Function Signature Description
Tensor solve(const Tensor &a, const Tensor &b) Solves the linear system $AX = B$ for $X$. Heavily utilized in the Cayley Transform to avoid matrix inversion.
std::tuple<Tensor, Tensor, Tensor> svd(const Tensor &a) Batched Singular Value Decomposition (SVD). Returns a tuple of 3 tensors: {U, S, V_transpose}. Required for projecting the ambient Fréchet mean back onto the $SO(d)$ manifold.
std::tuple<Tensor, Tensor> qr(const Tensor &a) Batched QR Decomposition. Returns a tuple of 2 tensors: {Q, R}. The Q matrix represents the direct chordal projection of an ambient matrix onto the orthogonal group in a single, non-iterative pass.
Tensor det(const Tensor &a) Computes the determinant of a square matrix or a batch of square matrices. Returns a tensor containing the determinant(s).
Tensor inv(const Tensor &a) Computes the explicit matrix inverse. Prefer solve for systems of equations.
Tensor trace(const Tensor &a) Computes the sum of diagonal elements (the trace) of a matrix.

6. Stochastic Generation

Function Signature Description
Tensor random_normal(const std::vector<int> &shape, DType dtype) Generates a tensor filled with random normal (Gaussian) values. Used for initializing particles and synthesizing anisotropic noise.
Tensor random_uniform(const std::vector<int> &shape, DType dtype) Generates a tensor filled with uniform random values in $[0, 1)$.

7. CPU-GPU Bridge

Warning: Operations that move data to the CPU inherently block the execution pipeline and trigger synchronization events.

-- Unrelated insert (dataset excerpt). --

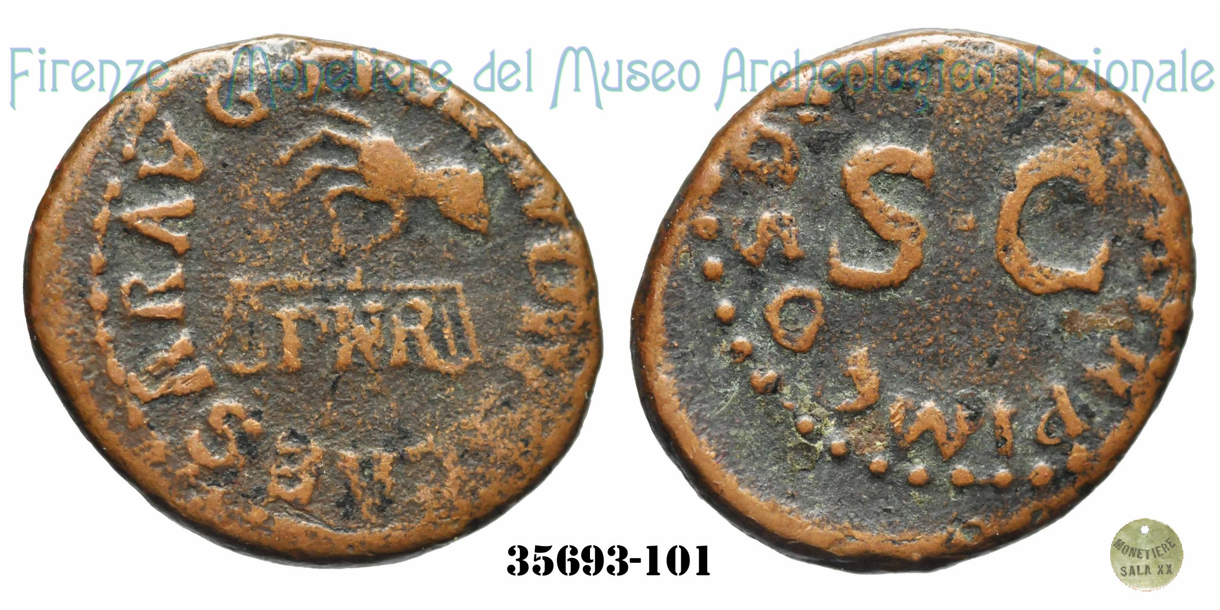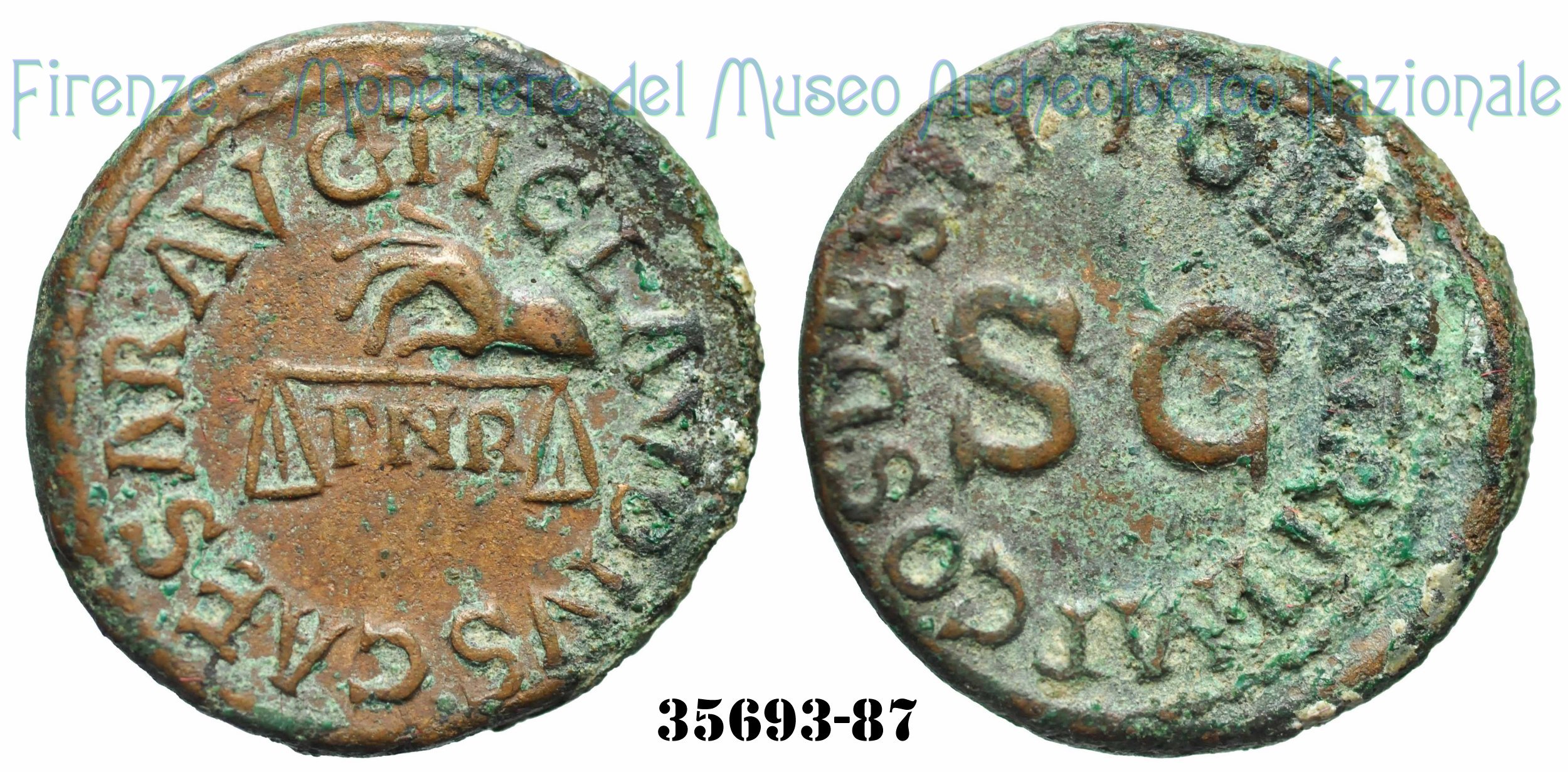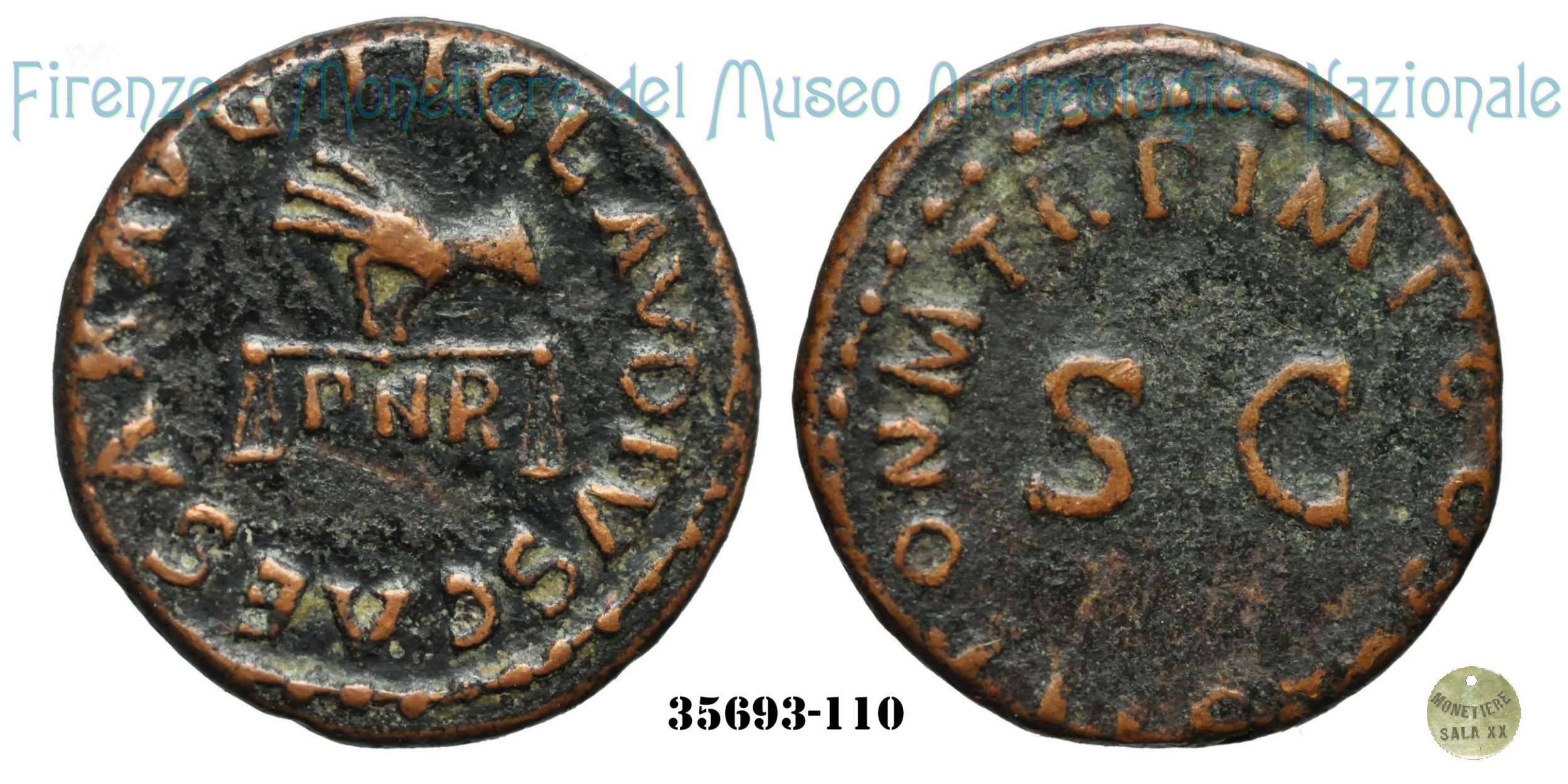 | Si ritiene che la sigla PNR presente al dritto possa riferirsi ad una rettifica del sistema monetario voluto da Claudio. Si suppone che tale formula possa essere letta come: Pondus Nummi Restitutum. Per ulteriori dettagli vedi RIC Vol 1 (Claudius) - pag.117. | ||||

Function Signature Description
double to_double(const Tensor &a) Pulls a scalar 0D or 1D tensor back to the CPU as a standard C++ double. This triggers a synchronization event. Use sparingly (e.g., once per step for checking convergence).
std::vector<float> to_float_vector(const Tensor &a) Converts a tensor to a raw C++ std::vector<float>.
void eval(const Tensor &a) Explicitly executes the pending computation graph for this tensor.
Tensor concatenate(const std::vector<Tensor> &tensors, int axis = 0) Concatenates a vector of tensors along a specified axis.
Tensor slice(const Tensor &a, int start, int end, int axis = 0) Slices a tensor along a specified axis from start to end indices.
int to_int(const Tensor &a) Pulls a scalar integer tensor back to the CPU as a standard C++ int. Essential for index-based operations like selecting the global best particle.